- _Task_:
Only the lines below from the one that holds "In the Geneva" through the one that holds "包括填写营业执照地址、卖家名称、联系方式、进行电话/短信认证验证码" should appear in the answer, copied exactly, end lines included and pictures omitted.
*** Records supplied
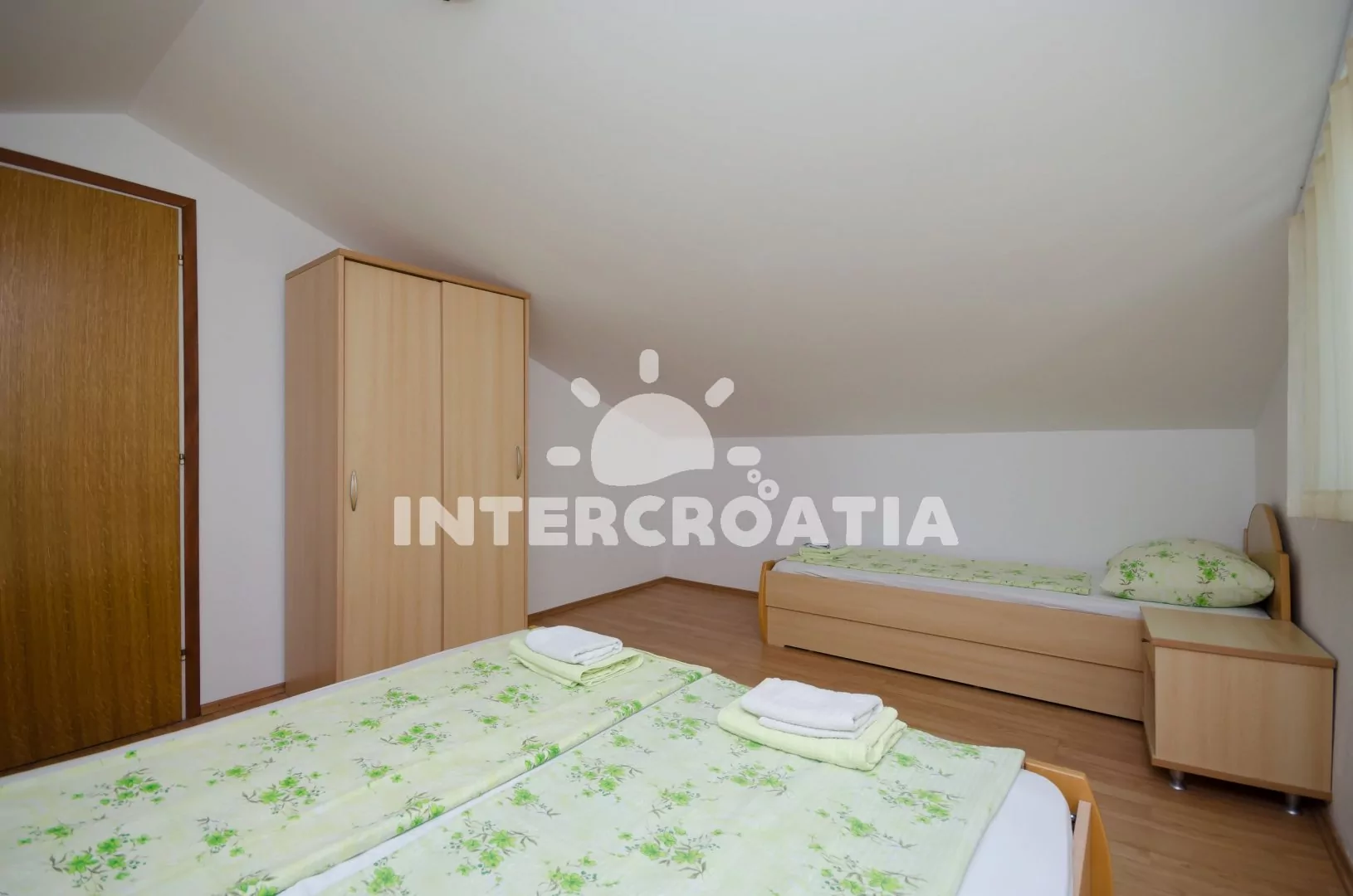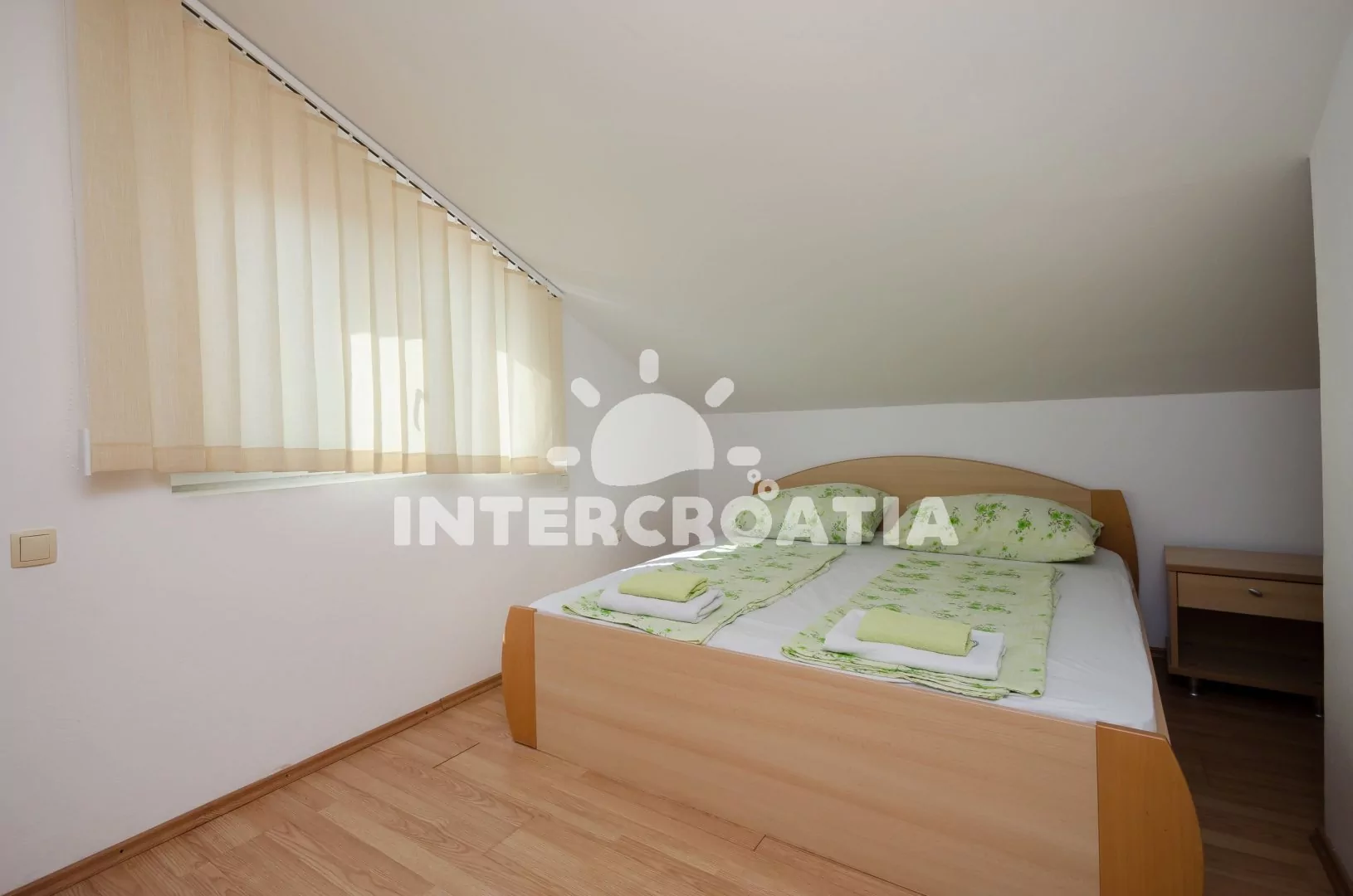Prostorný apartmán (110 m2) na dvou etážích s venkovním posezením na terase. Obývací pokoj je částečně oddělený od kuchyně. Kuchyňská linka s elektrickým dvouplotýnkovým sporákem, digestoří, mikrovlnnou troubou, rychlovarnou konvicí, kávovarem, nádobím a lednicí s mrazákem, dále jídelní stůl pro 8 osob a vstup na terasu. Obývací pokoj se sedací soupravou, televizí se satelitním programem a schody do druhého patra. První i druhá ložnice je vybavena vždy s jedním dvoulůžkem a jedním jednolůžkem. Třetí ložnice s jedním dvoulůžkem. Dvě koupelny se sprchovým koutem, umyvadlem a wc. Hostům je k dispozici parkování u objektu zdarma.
******
*** Records supplied
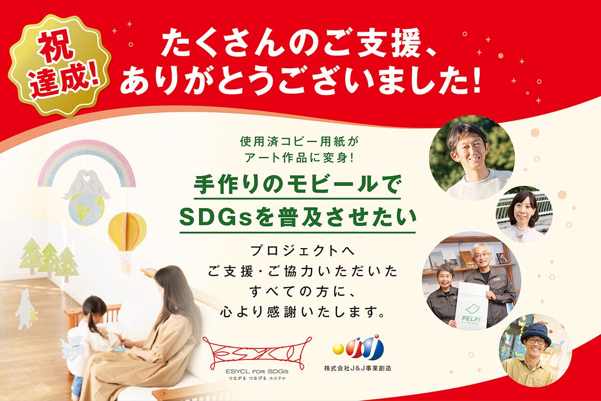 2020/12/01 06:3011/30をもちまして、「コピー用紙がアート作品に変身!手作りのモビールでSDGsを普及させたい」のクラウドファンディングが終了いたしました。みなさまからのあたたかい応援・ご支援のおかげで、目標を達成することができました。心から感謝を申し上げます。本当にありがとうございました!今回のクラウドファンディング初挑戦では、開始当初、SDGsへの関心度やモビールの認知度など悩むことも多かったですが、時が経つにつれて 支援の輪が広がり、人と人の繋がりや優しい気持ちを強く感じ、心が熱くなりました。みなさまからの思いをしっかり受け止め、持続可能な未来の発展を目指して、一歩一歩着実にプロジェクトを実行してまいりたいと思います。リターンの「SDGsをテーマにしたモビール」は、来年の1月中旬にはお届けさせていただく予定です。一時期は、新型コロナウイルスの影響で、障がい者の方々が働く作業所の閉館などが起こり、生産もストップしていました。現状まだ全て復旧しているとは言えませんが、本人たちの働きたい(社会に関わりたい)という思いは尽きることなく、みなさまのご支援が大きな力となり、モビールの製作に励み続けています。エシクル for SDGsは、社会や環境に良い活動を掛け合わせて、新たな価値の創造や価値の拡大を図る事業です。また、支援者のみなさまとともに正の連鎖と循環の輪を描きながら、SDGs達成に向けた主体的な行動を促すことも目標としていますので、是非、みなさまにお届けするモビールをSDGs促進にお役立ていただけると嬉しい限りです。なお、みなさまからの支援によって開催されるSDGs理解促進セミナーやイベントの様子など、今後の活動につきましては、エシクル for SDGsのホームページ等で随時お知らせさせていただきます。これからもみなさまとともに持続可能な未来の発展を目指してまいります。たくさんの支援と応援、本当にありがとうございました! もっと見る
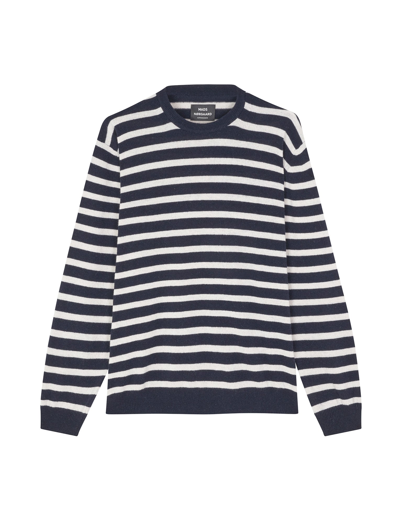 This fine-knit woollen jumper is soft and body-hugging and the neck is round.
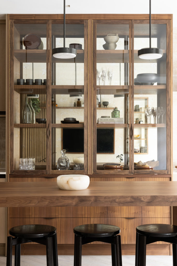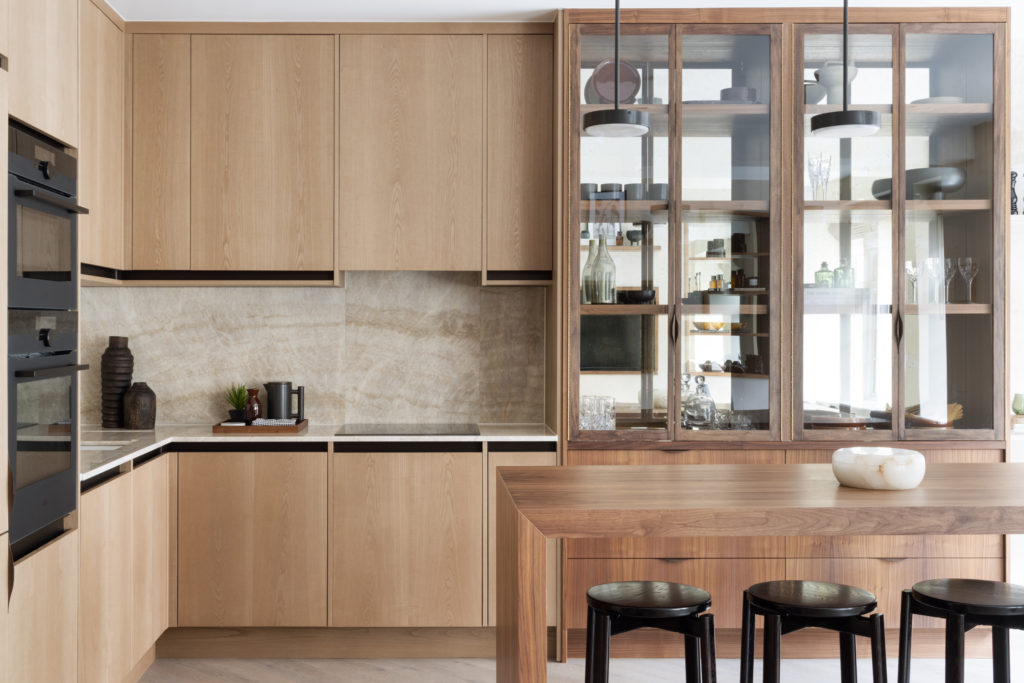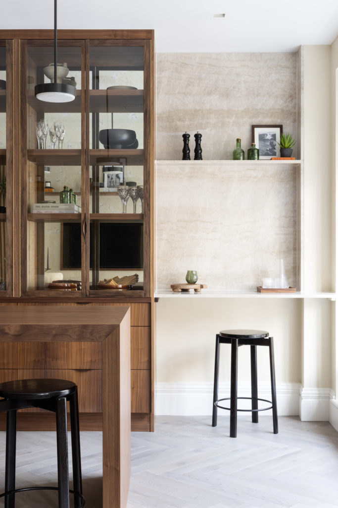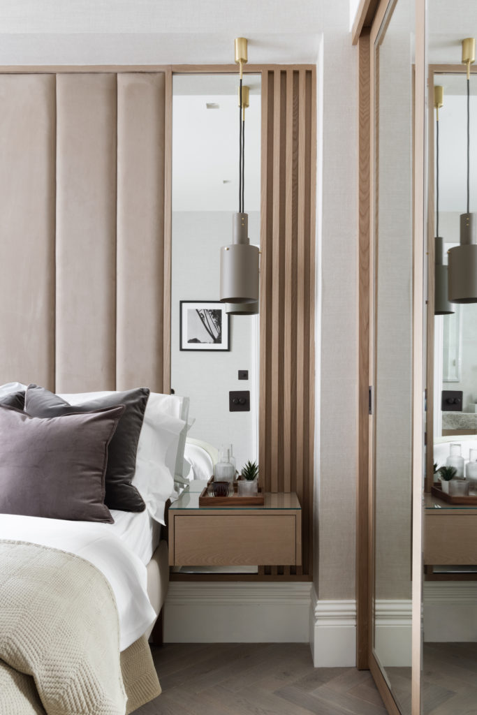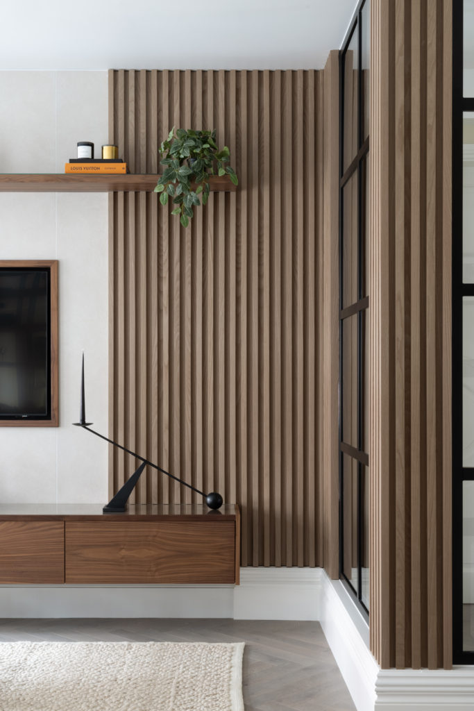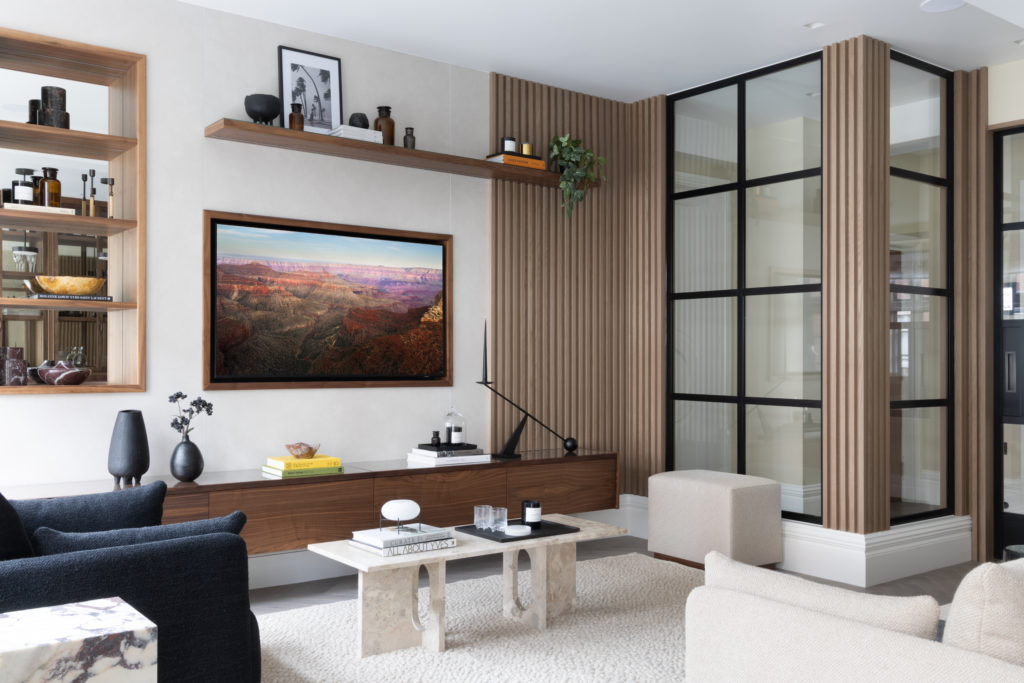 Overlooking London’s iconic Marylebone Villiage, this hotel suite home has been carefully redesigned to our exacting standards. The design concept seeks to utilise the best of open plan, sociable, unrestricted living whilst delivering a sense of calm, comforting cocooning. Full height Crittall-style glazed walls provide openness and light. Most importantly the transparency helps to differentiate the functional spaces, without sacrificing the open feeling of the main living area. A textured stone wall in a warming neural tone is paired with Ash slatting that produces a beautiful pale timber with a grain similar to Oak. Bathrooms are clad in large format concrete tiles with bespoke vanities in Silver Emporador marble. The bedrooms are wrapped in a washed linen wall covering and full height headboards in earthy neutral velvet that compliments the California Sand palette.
******
*** Records supplied
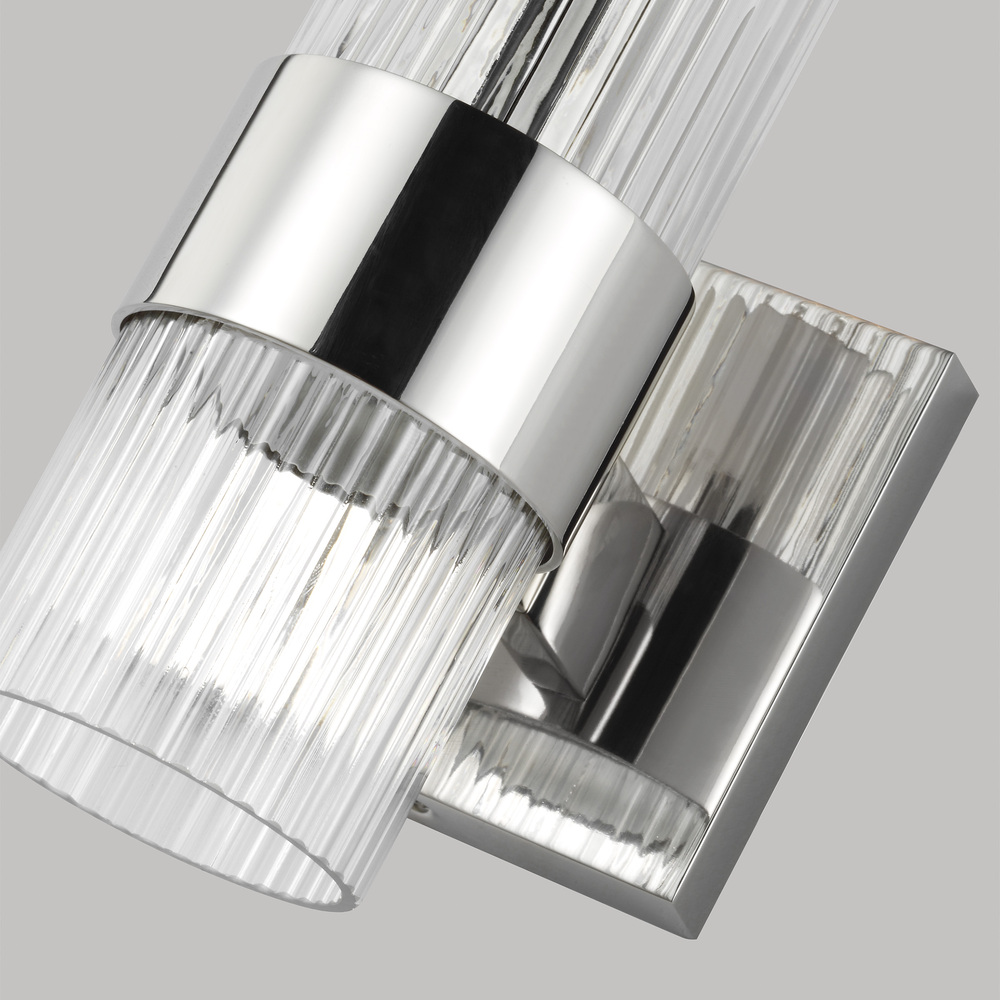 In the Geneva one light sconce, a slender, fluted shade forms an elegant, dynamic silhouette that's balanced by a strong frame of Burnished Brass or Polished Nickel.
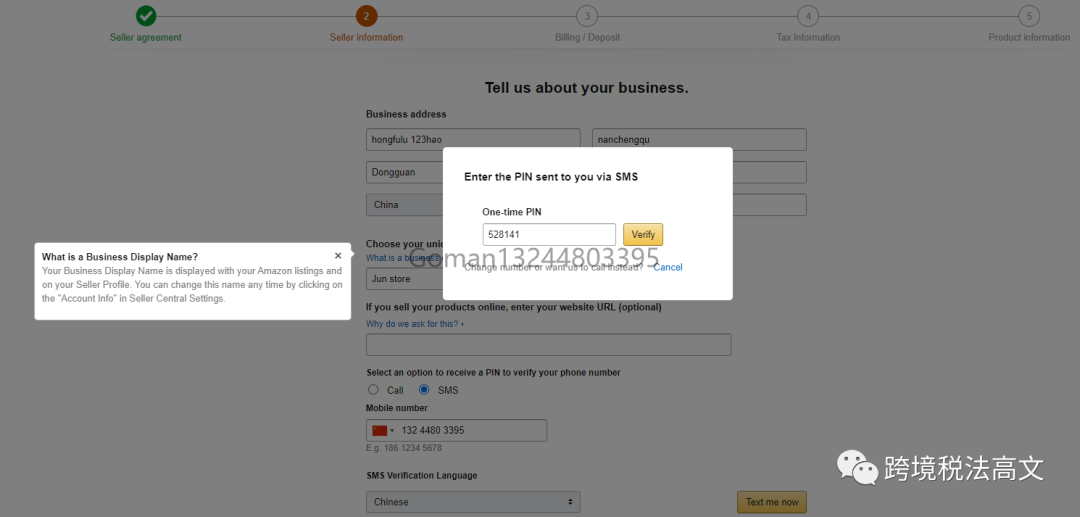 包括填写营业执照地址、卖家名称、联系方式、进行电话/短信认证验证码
******
- _Solution_:
 In the Geneva one light sconce, a slender, fluted shade forms an elegant, dynamic silhouette that's balanced by a strong frame of Burnished Brass or Polished Nickel.
 包括填写营业执照地址、卖家名称、联系方式、进行电话/短信认证验证码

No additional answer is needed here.